Now the last alternative is the most difficult and most expensive; sticking to the 2008 language at some point is likely to mean wasting some money assuming Congress changes provisions for 2013.  Either way the managers are likely to be screwed, at least in being vulnerable to criticism.

[Updated: added link to the extension now pending in the House--Hat tip Farm Policy]

Our Weak Government

Via Ezra Klein, an article on the refusal by the overseer of Fanny and Freddy to okay a plan to offer forgiveness of housing debts.  I know very little about the pros and cons of the policy which Mr. DeMarco is rejecting, other than a number of liberal economists think it's a good idea.  DeMarco seems to argue it would be bad in the long run, which as a bureaucrat he doesn't like.

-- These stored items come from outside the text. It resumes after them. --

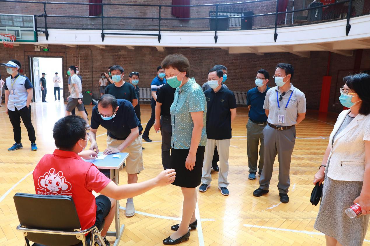 27日上午,新葡萄官网AMG党委书记陈旭、常务副校长王希勤等校领导到现场检查集中核酸检测工作并慰问志愿者。陈旭在志愿者中认出了不久前刚刚参加了开放交流时间的深耕三期学员李清阳,称赞其“刚毕业就来参与志愿工作”。李清阳激动地表示:“很高兴为老师同学们服务,为集体服务!”
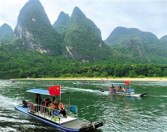 羊城晚报记者从阳朔站下车,乘坐客运车来到达兴坪古镇。在不远处的漓江上,上千艘竹筏船头悬挂五星红旗,迎风招展,十分壮观。
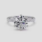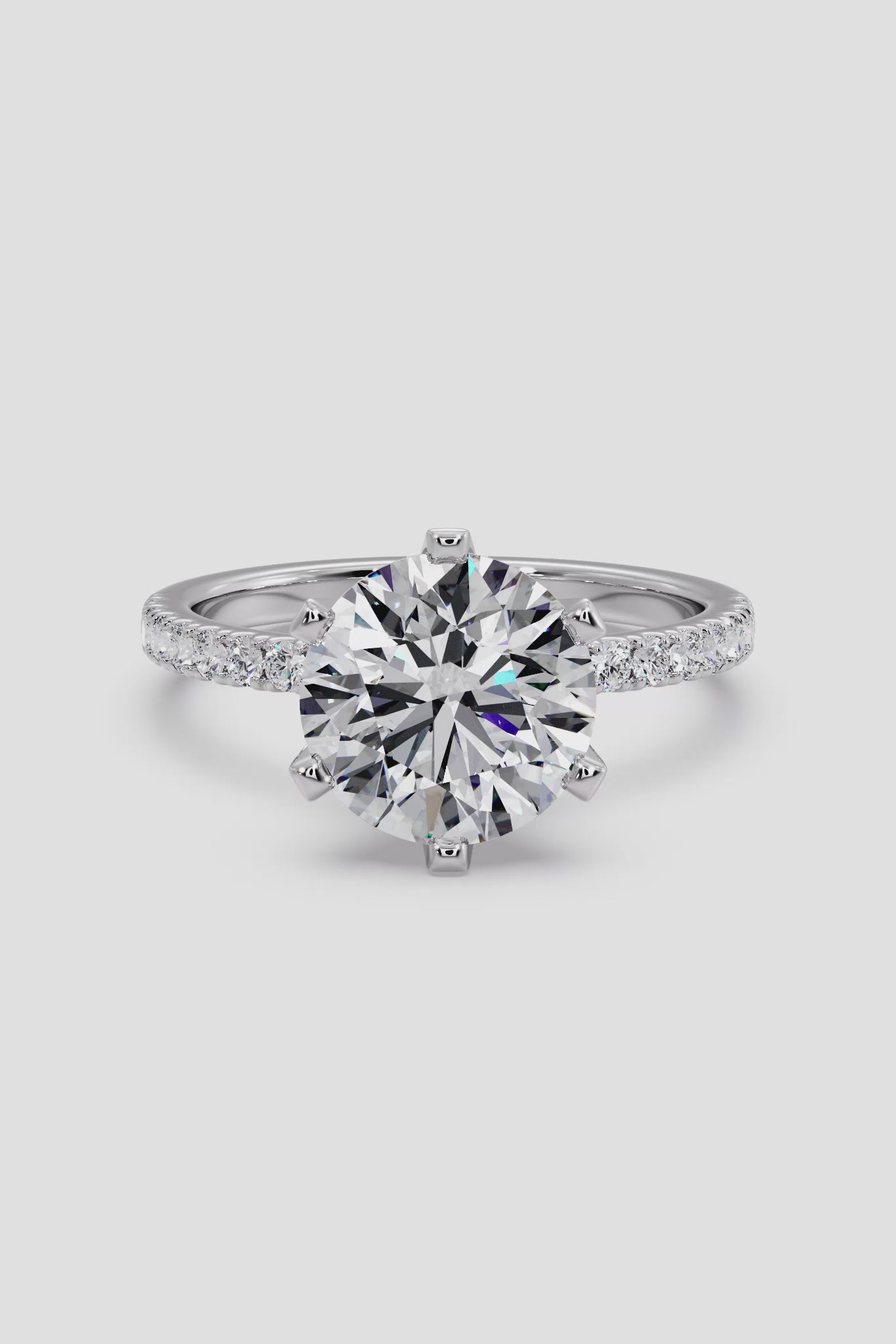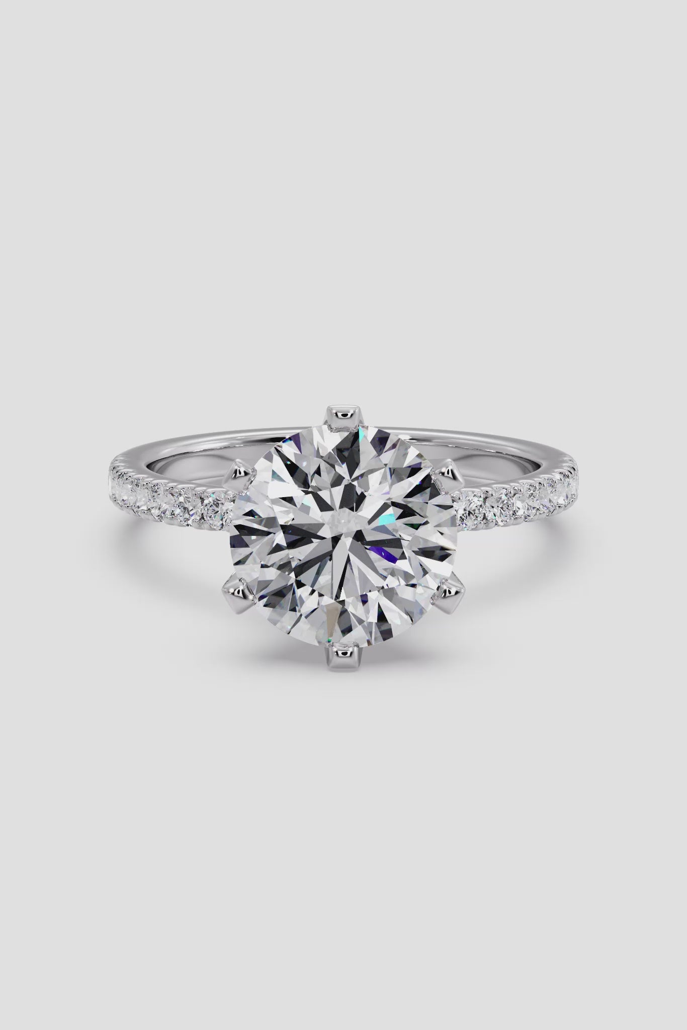 The 3 Ct Solitaire Crown Lab Grown Diamond Ring is a modern marvel. Part contemporary due to the elevated crown and part classic because of the beautiful 6 prong. The studded shank completed the all diamond look. A timeless engagement ring or a memorable anniversary ring, will look stunning in white gold.
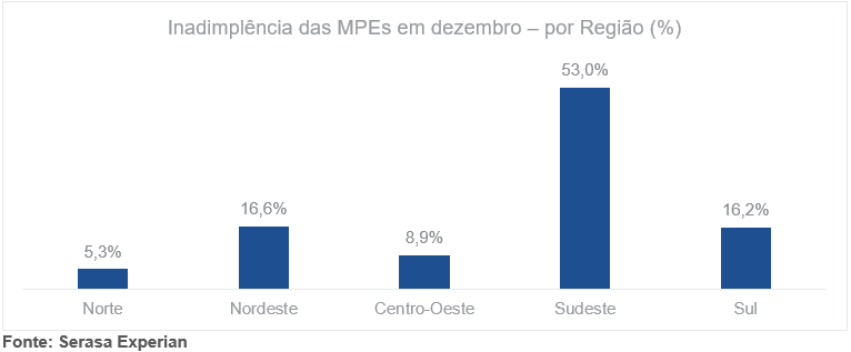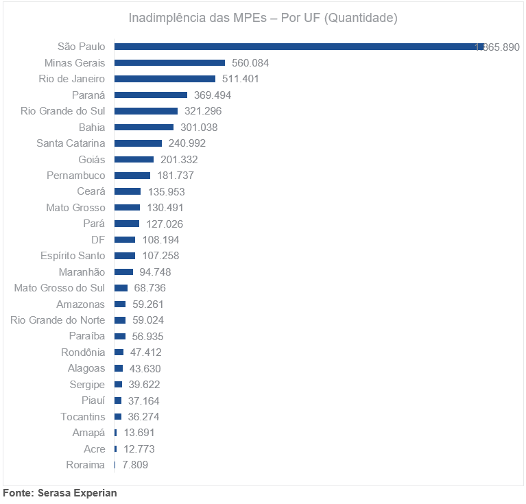 Ainda de acordo com os dados, a maior parte das MPEs com CNPJs negativados eram do Sudeste (53%) e a menor parcela do Norte (5,3%). Com São Paulo (1.865.890), Minas Gerais (560.084) e Rio de Janeiro (511.401), o Sudeste liderou o ranking das Unidades Federativas (UFs) com mais micro e pequenas empresas inadimplentes. Confira classificações por região e estado nos rankings abaixo:

Instead of worrying about the policy, I just want to point out another instance of our weak government.  Whereas in a parliamentary system there'd be no problem in the prime minister getting such a policy executed, in our system there's a hurdle.  DeMarco has an independent source of power, making it difficult for the President to make a policy change.  This isn't a case of federalism, which is what I usually point to when I write about weak government, but structure at the national level.  But  both federalism and structure reflect our suspicion of governmental power, typical of the American society.

Tuesday, July 31, 2012

Permaculture as a Solution?

There's an outfit in the Midwest which is pushing "permaculture"--the idea if we could convert from annual crops to perennials we'd save on expenses for fuel, etc. and be more friendly to the environment.   I mention this because this Extension post on cotton includes this:
"A defining characteristic of cotton growth and development is that it is a perennial plant. Being a perennial plant means that it flowers and sets fruit over a long period of time. In its native habitat, or with adequate warmth, cotton would not die in the fall. Perennial plants also flower and produce seed as a secondary mechanism, as opposed to vegetative growth. Because cotton lint is produced from the seed coat, it is the essential challenge of cotton production to overcome the perennial nature of the plant. Nearly everything we do to manage a cotton crop is in response to its perennial nature in an attempt to produce seed and lint in an annual row crop environment."
 I've expressed my doubts about permaculture before, but with global warming the frost line will move north and we won't have to plant cotton every year. (In the Rio Grande valley they speak of "stub cotton", cotton which is growing from previous year plantings.)

Monday, July 30, 2012

I Was Wrong About Pearlie Reed

I posted about Mr. Reed's retirement, speculating that the Republicans "would be all over this".  Maybe the Republicans got lazy, or maybe they did due diligence and found there was nothing there, but Google doesn't show any new news pieces on him.   Good news for him. 

Grow Teff

That's what Idaho is doing, according to this Post article.  It's a grain used for Ethiopian fermented bread.  See this wikipedia article.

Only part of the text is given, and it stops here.